Decoding the export.log, we have these events:
Tue Aug 4 13:44:10 2020 (PST): An export is run on an openneuro worker sending to
s3-PRIVATE
, of b78b723042e6d7a967c806b52258e8554caa1696 which is now lost to history. After that export completed, there was a subsequent started but not completed export of ae2937297eb1b4f6c9bfdfcf9d7a41b1adcea32e, also lost to history.Fri Jan 19 21:04:26 2024: An export run on the same worker, sending to a
s3-PUBLIC
(not the current one, one that has been marked dead and forgotten), of ae2937297eb1b4f6c9bfdfcf9d7a41b1adcea32e. After that export completed, there was a subsequent started but not completed export of 28b655e8207f916122bbcbd22c0369d86bb4ffc1.Later the same day, an export run on the same worker, sending to
s3-PUBLIC
(the current one), of 28b655e8207f916122bbcbd22c0369d86bb4ffc1. This export completed.Interesting that two exports were apparently started but left incomplete. This could have been because git-annex was interrupted, which would go a way toward confirming my analysis of this bug. But also possible there was a error exporting one or more files.

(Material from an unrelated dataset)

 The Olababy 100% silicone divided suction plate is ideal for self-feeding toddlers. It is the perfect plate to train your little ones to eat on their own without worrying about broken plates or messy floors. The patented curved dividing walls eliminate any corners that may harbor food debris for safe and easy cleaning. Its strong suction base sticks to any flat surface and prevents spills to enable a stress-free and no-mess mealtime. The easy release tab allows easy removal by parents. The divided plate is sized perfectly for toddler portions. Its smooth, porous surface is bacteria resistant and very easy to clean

According to Nell, the git history of main was rewritten to remove a large file from git. The tree 28b655e8207f916122bbcbd22c0369d86bb4ffc1 appears to still contain the large binary file. No commit in main references it. It did get grafted into the git-annex branch which is why it was not lost.
Fixed performTransitionsLocked to create the new git-annex branch atomically.

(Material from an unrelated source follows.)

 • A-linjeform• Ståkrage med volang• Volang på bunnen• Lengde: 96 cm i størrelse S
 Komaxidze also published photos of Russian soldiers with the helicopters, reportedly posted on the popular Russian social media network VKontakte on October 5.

Found another way this could happen, interrupting
git-annex export
after it writes export.log but before it grafts the tree into the git-annex branch. Fixed that one too.So hopefully this won't happen to any more repositories with these fixes. Still leaves the question of how to recover from the problem.
Note that at least in the case of ds002144, its git-annex branch does not contain grafts of the missing trees. The grafts only get created in the clone when dealing with a transition.
So, it seems that to recover from the problem, at least in the case of this repository, it will be sufficient for git-annex to avoid regrafting trees if the object is missing.
Done that, and so I suppose this bug can be closed. I'd be more satified if I knew how this repository was produced though.
While I don't think this affects the ds002144 repository (because the repository with the missing tree is dead), here's what happens if the export.log's tree is missing, master has been reset to a previous tree, which was exported earlier, and in a clone we try to get a file that is present in both trees from the remote:
Note that the "bad object" message only appears the first time run. Afterwards it only says "unknown export location".
Even if the tree object later somehow gets pulled in, it will keep failing, because the exportdb at this point contains the tree sha and it won't try to update from it again.
To recover from this situation, the user can make a change to the tree (eg add a file), and export. It will complain one last time about the bad object, and then the export.log gets fixed to contain an available tree. However, any files that were in the missing tree that do not get overwritten by that export will remain in the remote, without git-annex knowing about them. If the remote has importtree=yes, importing from it is another way to recover.